I-ko, alone on the ship and going alone to a foreign country, had looked like that caught thief, his eyes dark with malice and despair. I-wan felt confused again. What if food and plenty for all were still not enough? But he turned away from this question now as often as it came to him. He must believe that everyone would be better, somehow, after the revolution came. He must believe that Chiang Kai-shek would set everything right. It was all as simple as the difference between night and day. When the sun rose, it was day.

He and Peony did not talk again.

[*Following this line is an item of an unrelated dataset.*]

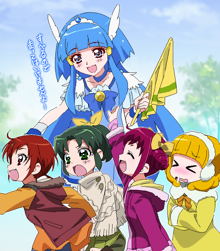 >_< age_regression aged_down aoki_reika arm_up blonde_hair blue_choker blue_dress blue_eyes blue_hair blue_sky bow brooch choker closed_eyes coat commentary cure_beauty day double_bun dress fang flag fringe_trim frown fur-trimmed_coat fur_trim gloves green_eyes green_hair green_shirt green_shorts grey_shawl hair_bow hair_bun hair_ribbon hairband head_wings hino_akane_(precure) holding holding_flag hood hood_down hooded_coat hooded_jacket hoshizora_miyuki jacket jewelry kise_yayoi leaning_forward long_hair long_sleeves looking_at_another looking_at_viewer magical_girl medium_hair midorikawa_nao open_clothes open_coat open_mouth orange_shirt outdoors pink_coat pink_hair pink_sweater pleated_dress ponytail precure red_jacket ribbon shawl shirt short_hair short_ponytail short_sleeves shorts sky sleeveless sleeveless_jacket smile smile_precure! snot standing sweater tiara tonbi translated untucked_shirt very_long_hair walking white_gloves white_hairband wings yellow_bow yellow_coat yellow_ribbon

She had withdrawn herself from him since that night and she came no more to his room when he was there. Nothing was changed except she did not come. The quilts were spread, the tea was hot, there were his favorite sweetmeats in the box, and new flowers were in the windows or on the table, but it was all done before he came. Once she passed him on the stair and leaned to him and he smelled the jasmine scent.